The LASSO estimator is given by solving a penalized regression with a \(L_1\) penalty (rather than \(L_2\))
\[ \hat\beta = \arg \min_{\beta} \quad \frac{1}{2} \sum_{i=1}^n (y_i - \mathbf{x}_i^T \beta)^2 + \lambda \sum_{j=1}^p \lvert \beta_j \rvert \]
This corresponds to an i.i.d. double exponential prior on each \(\beta_j\)

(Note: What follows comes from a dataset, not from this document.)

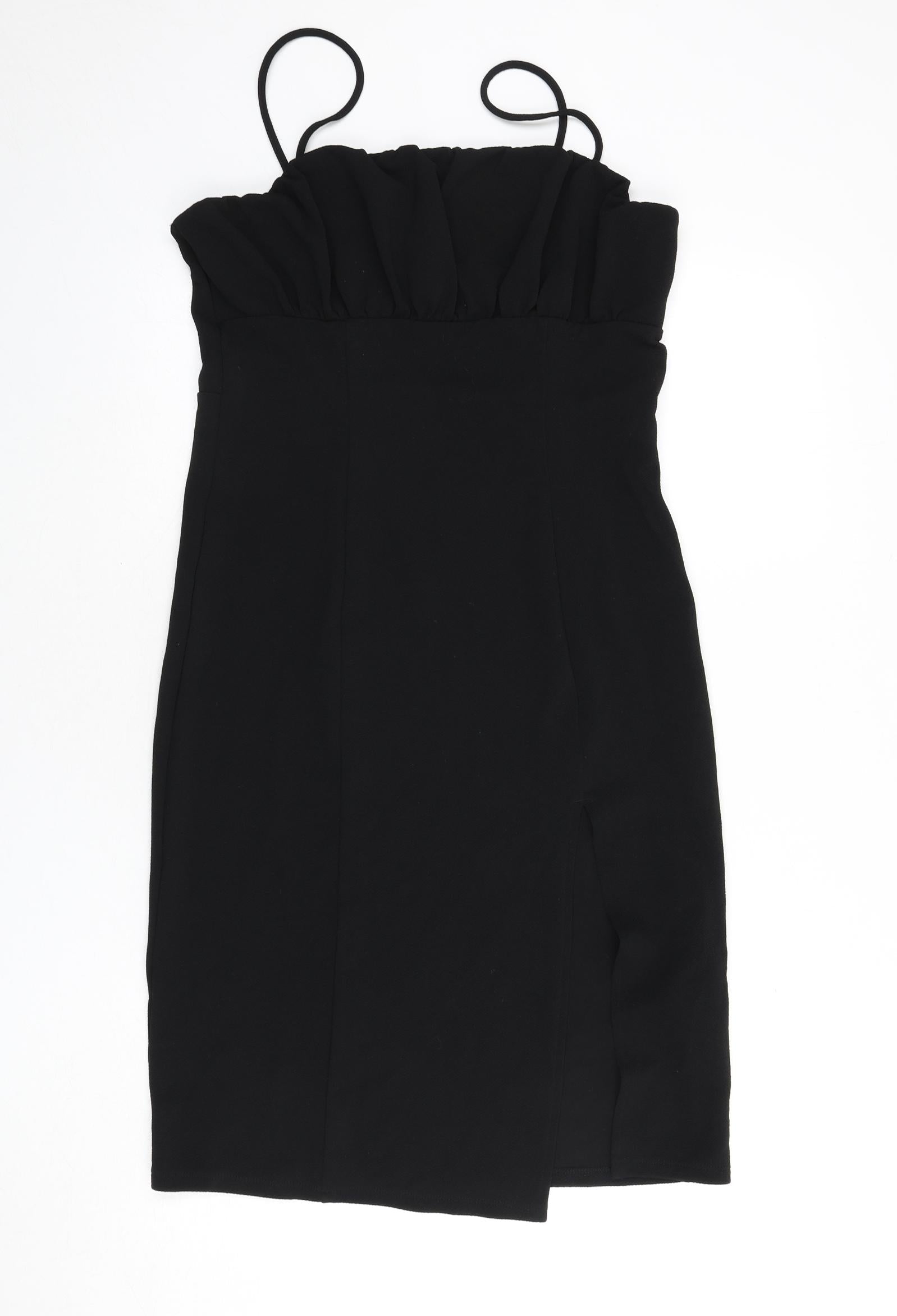 Divided by H&M Womens Black Polyester Bodycon Size L Square Neck Pullover - Slit

Even though the change seems subtle, the behaviour of the estimator changes dramatically
The problem is much more difficult to solve numerically (except when \(\mathbf{X}\) is orthogonal — exercise)
It is an area of active research, and implementations have improved considerably over the last few decades
We will not go into further theoretical details, but only look at some practical aspects
library(glmnet) # usage: glmnet(X, y, alpha, ...)
coef(with(d3, glmnet(cbind(x1, x2, x3), y, alpha = 1, lambda = 1)))
4 x 1 sparse Matrix of class "dgCMatrix"
s0
(Intercept) -0.3733872
x1 .
x2 0.8227224
x3 0.6775433
## Replicate this several times
sim.results.lasso <-
replicate(100,
{
d3 <- simCollinear()
beta.ols <- coef(lm(y ~ . , data = d3))[-1]
fm.lasso <- with(d3, glmnet(cbind(x1, x2, x3), y, alpha = 1, lambda = c(2, 1)))
beta.lasso <- as.matrix(coef(fm.lasso))[-1, ]
data.frame(beta1 = c(beta.ols[1], beta.lasso[1,2], beta.lasso[1,1]),
beta2 = c(beta.ols[2], beta.lasso[2,2], beta.lasso[2,1]),
beta3 = c(beta.ols[3], beta.lasso[3,2], beta.lasso[3,1]),
which = c("lambda=0 (OLS)", "lambda=1", "lambda=2"))
}, simplify = FALSE)
sim.df.lasso <- do.call(rbind, sim.results.lasso)
with(sim.df.lasso, rbind(tapply(beta1, which, mean),
tapply(beta2, which, mean),
tapply(beta3, which, mean)))
lambda=0 (OLS) lambda=1 lambda=2
[1,] 0.972813560 0.0000000 0.0000000
[2,] 2.008541811 0.7920059 0.5423446
[3,] -0.002656804 0.7109653 0.4587019
with(sim.df.lasso, rbind(tapply(beta1, which, sd),
tapply(beta2, which, sd),
tapply(beta3, which, sd)))
lambda=0 (OLS) lambda=1 lambda=2
[1,] 1.282199 0.0000000 0.0000000
[2,] 1.274482 0.1630202 0.1698728
[3,] 1.281313 0.1495002 0.1506298
fm.lasso <- with(d3, glmnet(cbind(x1, x2, x3), y, alpha = 1))
plot(fm.lasso, xvar = "norm", label = TRUE)
fm.lasso <- with(d3, glmnet(cbind(x1, x2, x3), y, alpha = 1))
plot(fm.lasso, xvar = "dev", label = TRUE)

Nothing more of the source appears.